Judy’s Castle property sold, may be gas station
Published 12:15 am Sunday, September 5, 2021
- Judy’s Castle restaurant, formerly located at 1306 U.S. 31-W Bypass in Bowling Green, sits vacant on Thursday, Sept. 2, 2021. The property has been sold again, and the new owner plans to build a gas station and convenience store in its place if construction costs come down. (Grace Ramey/photo@bgdailynews.com)
Empty for nearly three years, the Judy’s Castle building on U.S. 31-W By-Pass won’t be serving up any of the breakfast specials, desserts or “meat-and-three” meals that made it a popular dining destination for half a century.
But the space at the bypass and East 13th Avenue could eventually be a fueling stop for motorists, now that it has a new owner.
Local real estate investor Jim “Ebo” Brown, who in 2018 bought at auction the restaurant building and an adjacent structure used for storage, has sold the property to the Radha Krishna BG limited liability corporation headed by local entrepreneur Satish Patel.
Patel, owner of the Grease Monkey oil change shop at 1200 Broadway Ave. and a number of convenience stores in southcentral Kentucky, said he and his partners bought the property intending to turn it into a gas station.
Those plans are on hold for now, Patel said, because of current high construction costs, but he isn’t ruling out eventually putting in gas pumps on property that was a restaurant from 1968 through 2018.
“We own the property, and we bought it for a gas station,” Patel said. “But now construction costs are over our budget, so we’ve dropped that project for now.”
Patel said the gas station project isn’t dead, just on hold, and he said he and his partners could “build something else.”
A gas station or convenience store on the property would spell the end of the building that was home to Judy’s Castle for 50 years until Brown bought it at auction for $267,500 ($286,225 with the buyers’ fee) from Paul and Felecia Durbin in October 2018.
Brown outbid Drake Diner owner Jason Bennett, who had thoughts of keeping the property as a restaurant.
Serving food, though, was never part of Brown’s business plan.

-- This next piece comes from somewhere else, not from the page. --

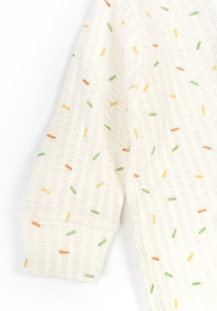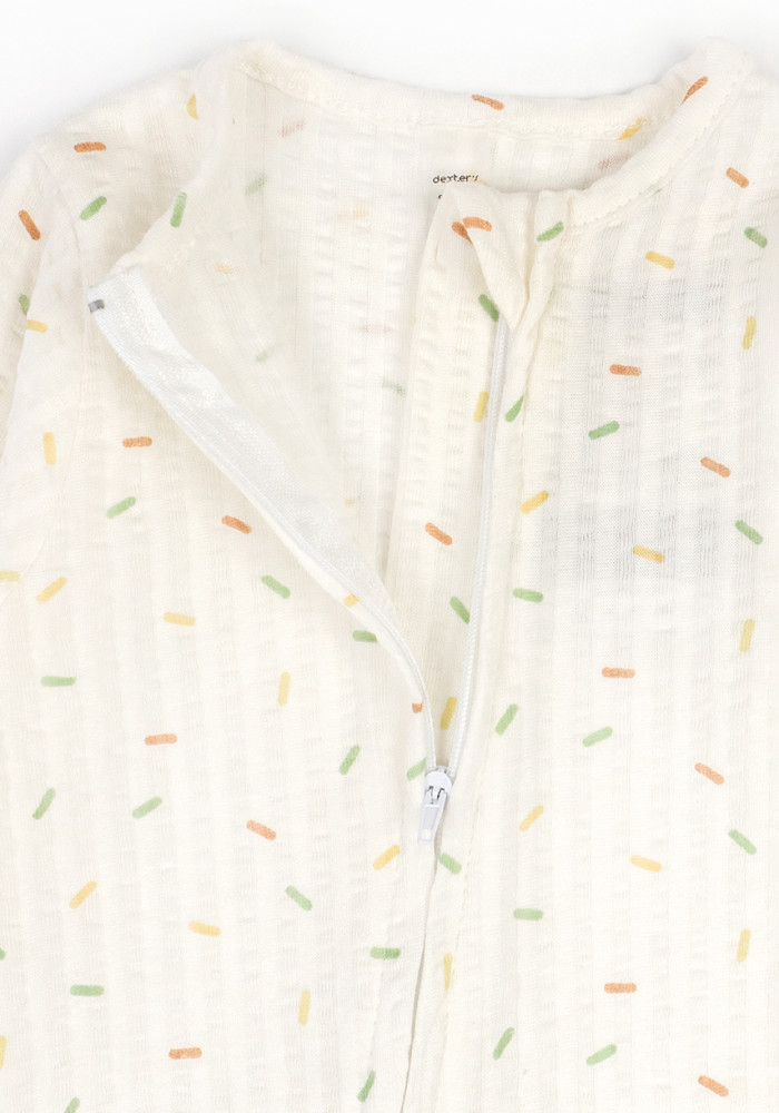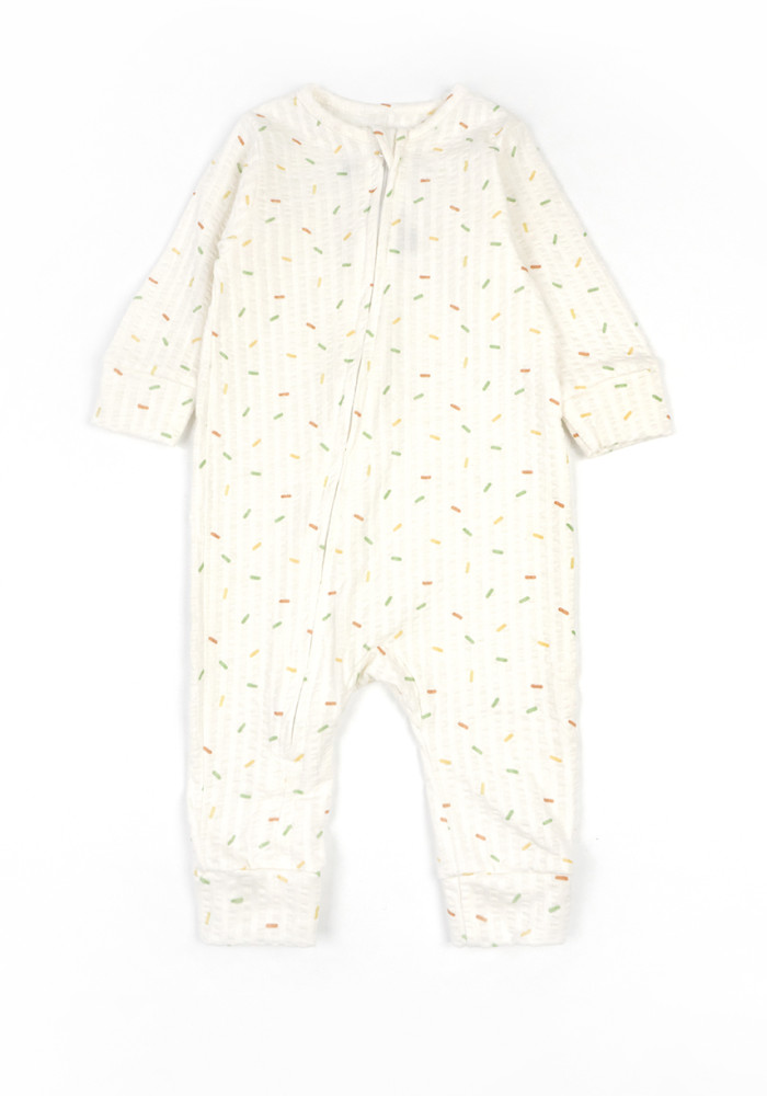 Практичный и стильный комбинезон для новорожденных на молнии в молочном цвете с принтом конфетти подходит для малышей от 3 месяцев до 1,5 лет. Универсальный дизайн идеально подойдет как для мальчика, так и для девочки.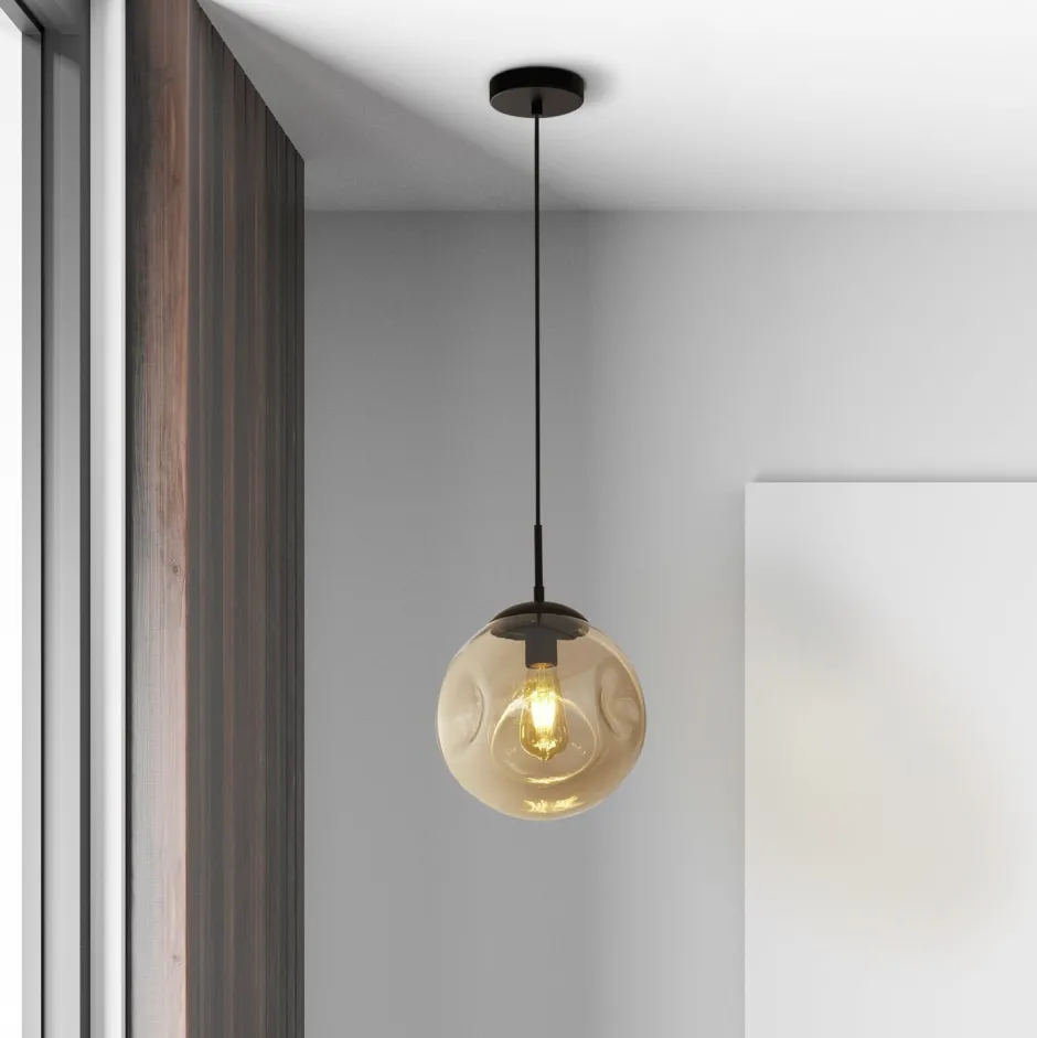 Stilvolle Pendelleuchte mit Kugelschirm aus Rauchglas

“I’m not in the restaurant business,” Brown said after he won the property at auction. “I might lease it or sell it to someone who will keep it as a restaurant.”
That didn’t materialize, so Brown in July sold the property to the Radha Krishna group for a price listed as $375,000 in the Warren County clerk’s records.
While the property’s future is uncertain, its past has left many locals feeling nostalgic for the home cooking offered at the location that was opened by Herb and Maxine Lowe in 1968 and sold to the Durbins a quarter-century later.
“To me, Bowling Green is absolutely losing an icon,” former Bowling Green City Commissioner Brian “Slim” Nash said at the time of the auction. “But all good things must come to an end. Judy’s Castle means so much to so many people. That’s what makes it iconic.”